It’s time to ‘eliminate the scourge of conflict-related sexual violence’, urges UN chief

UNICEF/Donna DeCesare
This 15-year-old was one of Colombia’s child soldiers – some 30 per cent of whom are girls, often sexually abused.

This article is brought to you in association with the United Nations.

The effects of conflict-related sexual violence echo across generations, in the form of trauma, stigma, and unwanted pregnancy, said the UN chief on Tuesday, describing the scourge as “a threat to our collective security” and “a stain on our common humanity.”

That was the central message from Secretary-General António Guterres to mark the International Day for the Elimination of Sexual Violence in Conflict.

“Children conceived through wartime rape often struggle with issues of identity and belonging for decades after the guns have fallen silent,” explained Mr. Guterres.

“They may be left in a legal limbo, or at risk of becoming stateless,” he continued. “They are vulnerable to recruitment, trafficking and exploitation, with broad implications for peace and security, as well as human rights.”

Many of those children scarred by violence in war are rarely accepted by society, have been labelled “bad blood” or “children of the enemy,” and are alienated from their mothers’ social groups, according to the UN.

Meanwhile, unsafe abortion, following violent rape, remains a leading cause of maternal mortality in conflict-affected settings.

“Their mothers may be marginalized and shunned by their own families and communities.

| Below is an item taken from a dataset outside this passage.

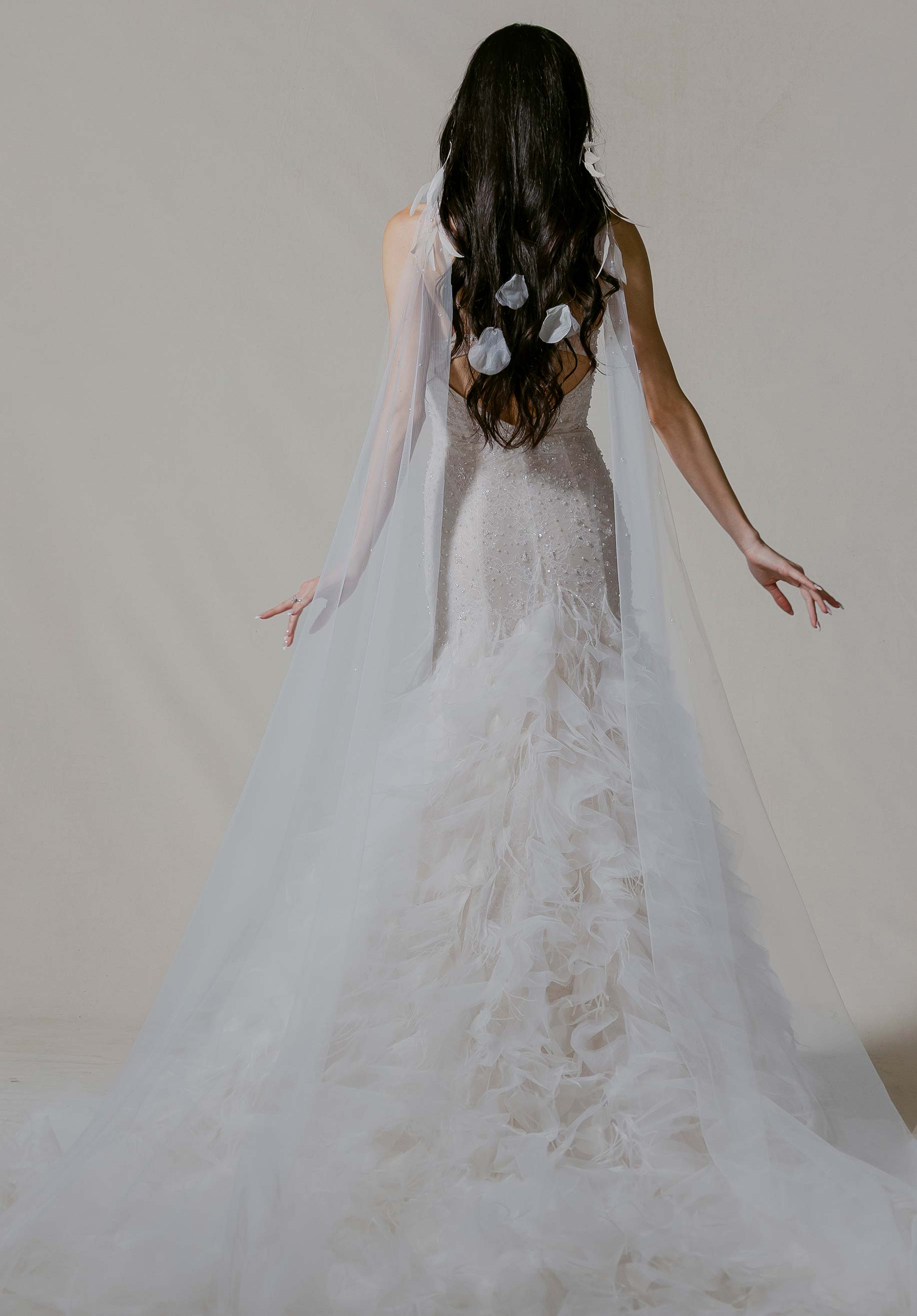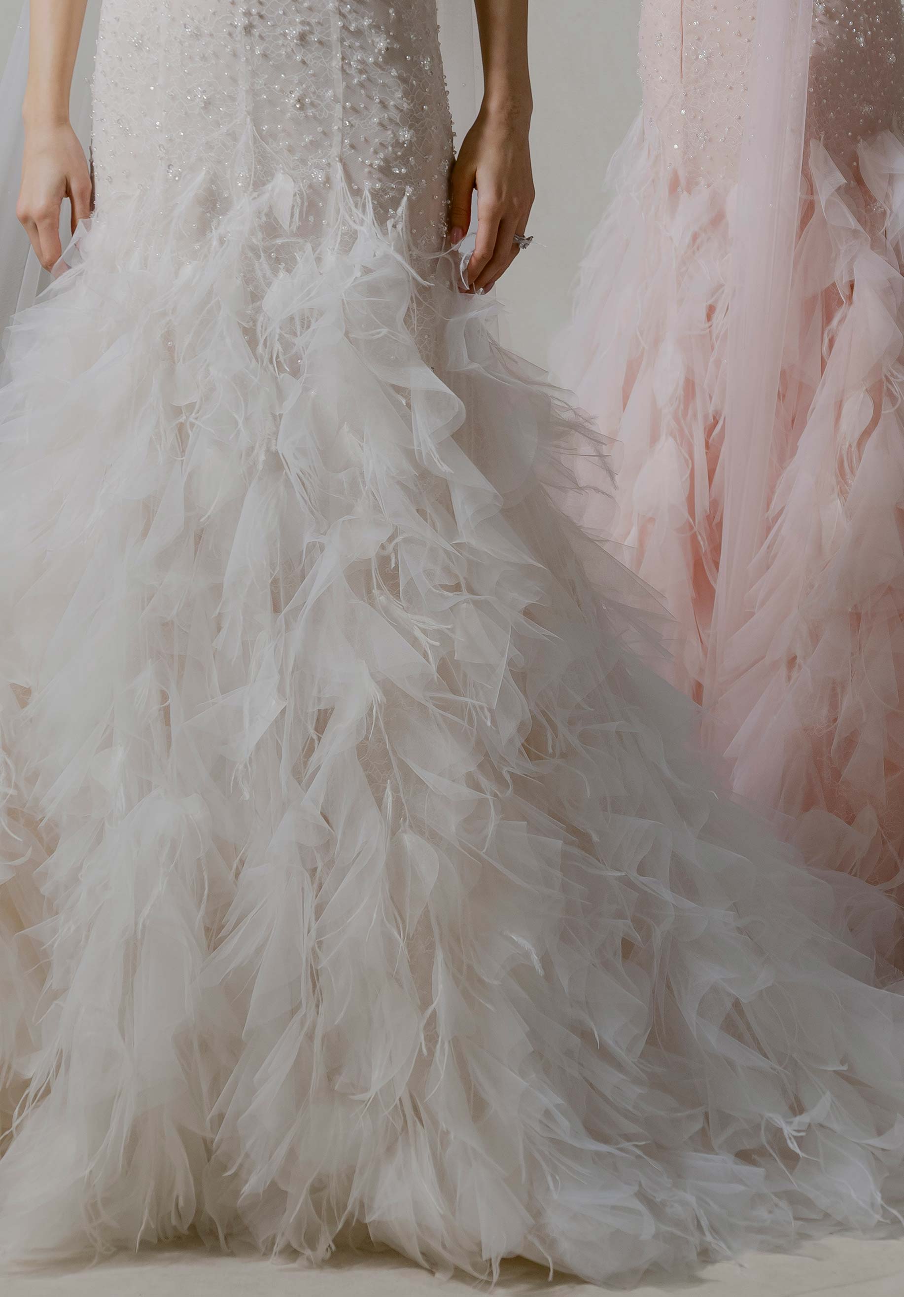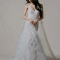 Mermaid wedding dress has a plunging v-neckline with a twisted, sweetheart Chantilly lace underlay and keyhole back in pearl embroidered tulle on a hand-cut tulle and feather ruffled skirt.

These women and children are sometimes seen as affiliates of armed and violent extremist groups, rather than as victims and survivors,” Mr. Guterres maintained.

Moreover, the issue of children born of war has been missing from both the international human rights framework and from peace and security discourse, rendering them a voiceless category of victims.

Under this year’s theme, “The Plight and Rights of Children Born of War,” the Day encourages solidarity with the survivors who have endured multiple ordeals, in the wake of sexual violence.

“On the International Day for the Elimination of Sexual Violence in Conflict, we amplify the voices of these forgotten victims of war, who suffer stigma, shame and exclusion in societies polarized by armed conflict,” spelled out Mr. Guterres.

He underscored that the UN stands ready to work with governments, civil society, traditional and religious leaders, and all partners “to support children born of rape in wartime and their mothers, and those working on the frontlines to support them.”

“Let us reaffirm our global commitment to eliminate the scourge of conflict-related sexual violence and to provide justice, services and support to all those affected,” concluded the Secretary-General.